- What this task involves -
Without the pictures, write the listing below out again, line for line.

- Provided material -
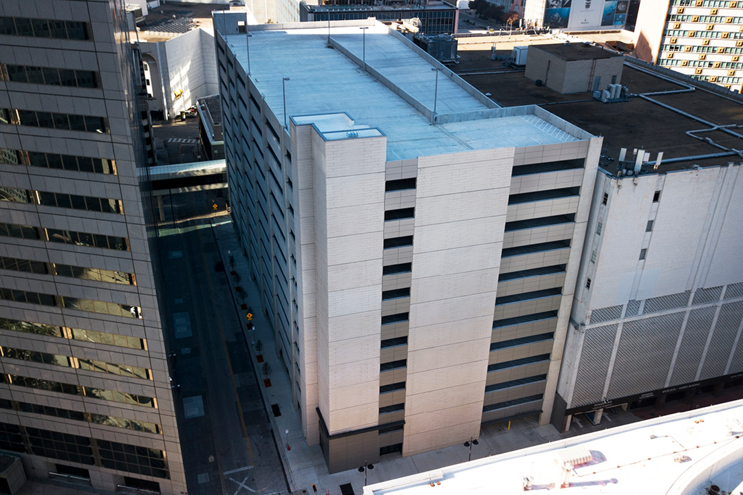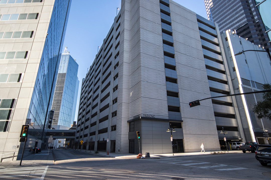 Located in the heart of downtown Dallas, the 13-story precast concrete parking garage contains 983 parking spaces.
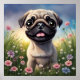 Poster Pug Flowers
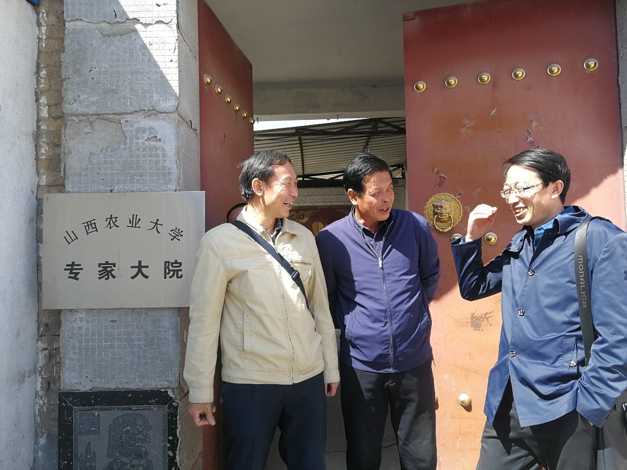 项目组成员崔福柱教授(左)冯美臣教授(右)与横山村党支部副书记杨卫平(中)

- Your response -
 Located in the heart of downtown Dallas, the 13-story precast concrete parking garage contains 983 parking spaces.
 Poster Pug Flowers
 项目组成员崔福柱教授(左)冯美臣教授(右)与横山村党支部副书记杨卫平(中)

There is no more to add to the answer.